Celle au cabinet bidet avec un radiateur en fonte, juste un rideau froncé, des draps de nylon et ce cheveux très long qui ne pouvait pas être à toi.
Celle aux murs de fausses pierres, moulage plastique au bruit de Tupperware avec une terrasse de béton qui donne sur la mer.
Celle de tes noces on voit le cimetière Montmartre de très haut.
Celle de Rabat avec des lits jumeaux et la prière de l’aube qui parle haut.
Celle ou chaque parcelle a gout de sel.
Celle de Paris avec une femme dans un cadre ovale. Un papier peint rayé. Un lit très grand et deux masques chirurgicaux posés en travers.
Celle où tu dors clandestinement sans faire un pli toute habillée.
Celle qui est tout en bois comme une Isba. Avec une guitare accrochée au mur. Et tu penses à « Pierre où les ambiguïtés » de Melville ce roman dont il ne te reste plus qu’un souvenir de guitare et ce prénom Isabelle. Tout autour des pins géants de trois cent cinquante ans grincent comme des mâts.
Celle d’Amsterdam qui a la taille d’une cabine de bateau avec trois lits superposés.
Celle où la mer chuchote. Avec une lune ronde qui se mire. Des goélands rieurs. Tout ça par une fenêtre grande ouverte. Et leurs sueurs a goût de pomme.
Celles des gares traversées de lueurs urbaines.
Celles des gares traversées de cris.
Celles d’une gare où tu dors avec la peur de ne pas te réveiller.

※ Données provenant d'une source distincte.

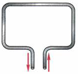 На рисунке изображён проволочный прямоугольник, с направлением тока в нём показанным стрелками. Пользуясь правилом буравчика, определите направление магнитных линий внутри прямоугольника и вне прямоугольника.
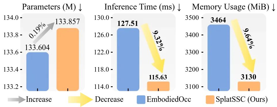 图 6:效率指标对比。实验结果表明,通过引入几何引导的稀疏表征,SplatSSC 仅付出极小的参数成本,即可显著降低推理延迟与显存占用。
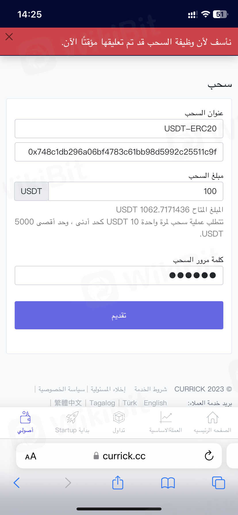 نرجو متابعه الموضوع لانستطيع السحب من المحفظه
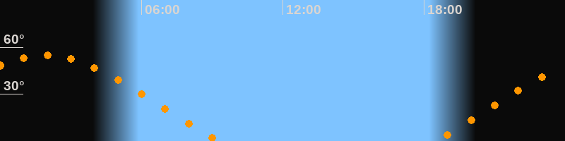 | Aufgang | 18:27 Uhr im Nordosten (αAz = 63,8°) |
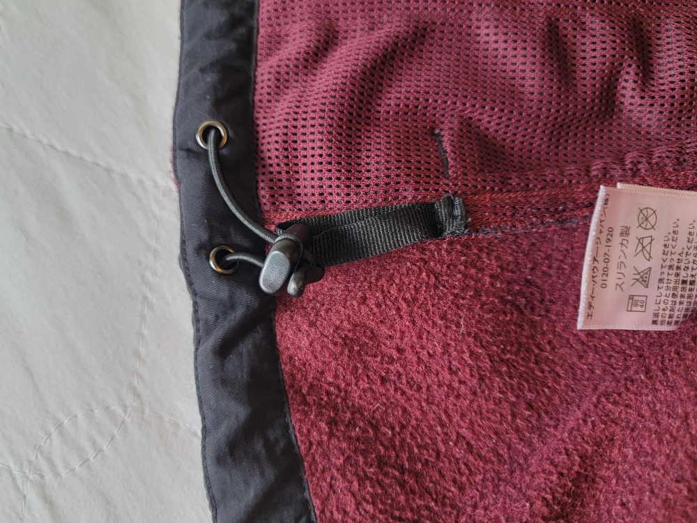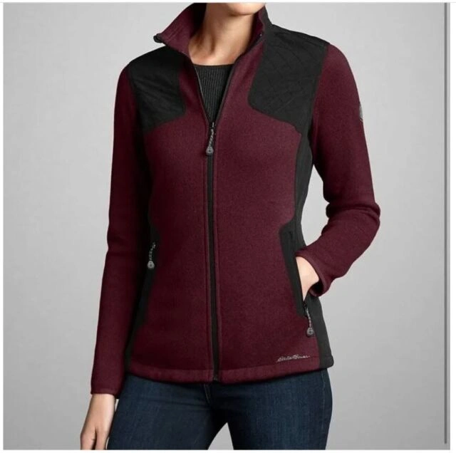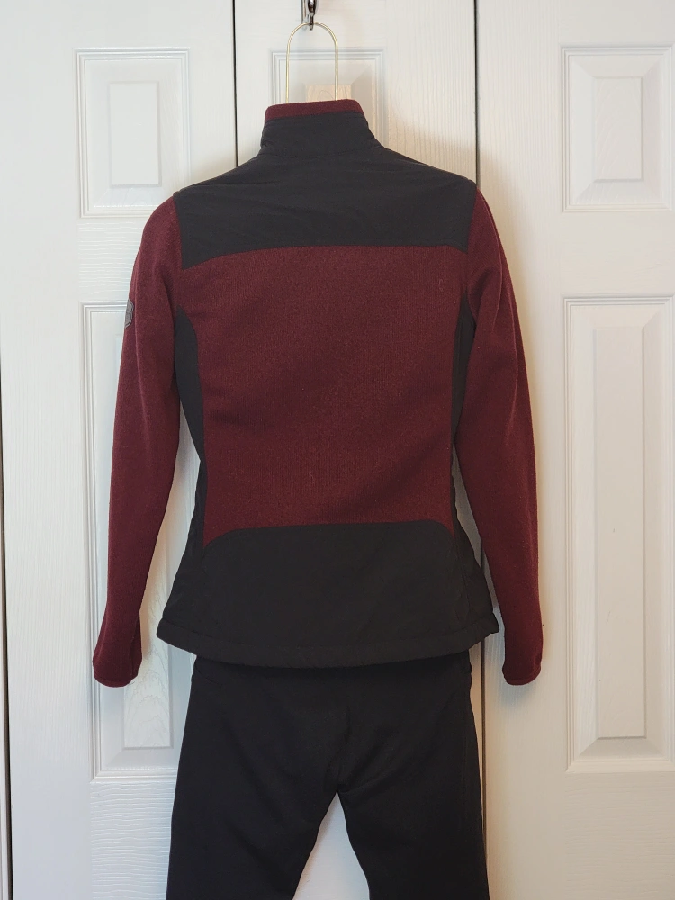 The jacket has a burgundy colour with black panels and is a zip-up style.
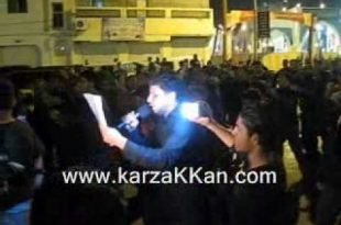 الرادود علي عيسى مرهون في موكب عزاء قرية كرزكان بمملكة البحرين ليلة السابع من المحرم 1431هـ، الموافق 23 ديسمبر 2009م. المصدر
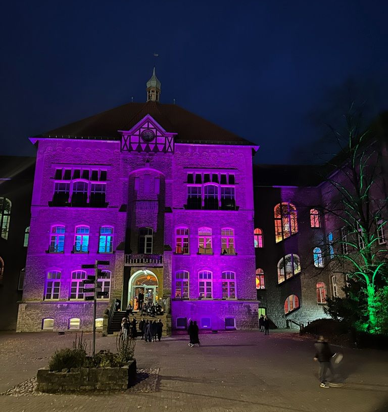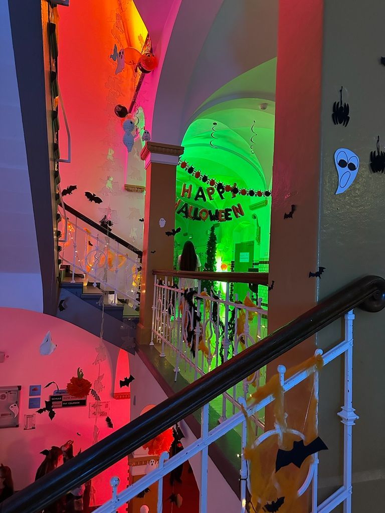 Wo sonst Unterricht stattfindet, herrschte diesmal gespenstische Stimmung: Der Altbau war liebevoll und aufwendig dekoriert, sodass man an jeder Ecke neue gruselige Details entdecken konnte. In verschiedenen Räumen wurden zahlreiche Aktionen angeboten – vom Basteln und Rätseln über Film- und Spielangebote bis hin zu einem echten Gruselraum. Außerdem konnte man sich gemeinsam fotografieren oder passend zum Abend schminken lassen. Besonders beliebt war die Disco im Klausurraum, die mit beeindruckender Lichttechnik und guter Musik für ausgelassene Stimmung sorgte. Ein weiteres Highlight war die Geschichte rund um den Schulgeist Leopold, der geheimnisvoll durch das Gebäude spukte. Beim Kostümwettbewerb wurden schließlich die kreativsten Verkleidungen ausgezeichnet. Unterstützt wurde die SV von vielen Lehrkräften, Eltern, der Schulverwaltung, dem Technikteam und der Schulleitung. Dank des großen Engagements und der tollen Zusammenarbeit wurde die Halloween-Nacht zu einem vollen Erfolg. Eines steht fest: Dieser Abend hat eindrucksvoll gezeigt, wie gemeinschaftlich, kreativ und fröhlich das Miteinander am Leopoldinum ist.
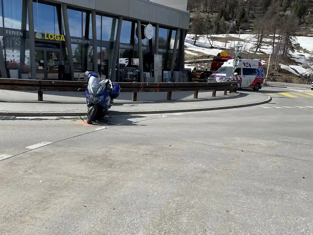 Am Sonntagnachmittag ist in St. Moritz ein Motorradfahrer in einem Kreisel gestürzt. Sein Sozius wurde leicht verletzt.

Celle d’une gare avec un néon de palmier qui clignote. C’est au nord de la France. ll fait froid. Toi tu es venues peindre des palmiers pour un théâtre. Tu trouves alors qu’il y a d’étranges coïncidences.
Celle où tu l’attends.
Celle où l’odeur de peinture vient du couloir et quand l’alarme sonne à minuit tu descends nue dans ton manteau.
Celle qui a une armoire ancienne dans laquelle on pourrait dormir.
Celle qui a perdu son numéro, où la clé pour ouvrir est une vraie clé plus grande que ta main.
Celle d’un port avec la corne de brume enregistrée.
Celle où la mer chuchote, avec une lune ronde qui se mire, celle là j’y ai dormi
Nous sommes croisées sans le savoir
La vie est une fiction, on y va ?
Allons-y!
« Celle qui a une armoire ancienne dans laquelle on pourrait dormir. » Et l’armoire a un cran pas bien grand, dissimulé par la porte battante. Portes battantes en chaîne protégées, lasurées, protégées parce qu’elles contiennent tous les souvenirs d’une vie transmise, des livres à rebours et un peu plus encore. Il ne faudrait pas tout dire aux enfants.
… les laisser imaginer
tous ces détails, subreptices. Les cheveux laissés par une étrangère. Un monde plein d’objets qui ne sont pas que des objets et dont la présence s’étend, s’enfonce ailleurs… Cela me fait penser à ces schémas de l’espace temps, où l’on observe ces planètes et matériaux très volumineux qui s’enfoncent dans une dimension que la cognition peine à intégrer : ça s’enfonce quelque part et ça courbe quelque chose qui nous échappe.
je vais réfléchir à ce que vous écrivez. Cela ouvre quelque chose . Merci
C’est bon ce rythme et cette répétition de « celle » en tout début de phrase. On découvre en peu de mots tout un univers suggéré…
Merci à vous (cherché cette litanie des chambre )
Ce rêve de dormir/écrire dans celle comme une Isba. Ce qu’ils doivent raconter les pins géants ! Échapper/fuir celles des gares.
Merci Jerôme …
Miracle de ce hasard des textes. Il me fait retrouver un lieu que je n’oublie jamais. Merci Nathalie Holt.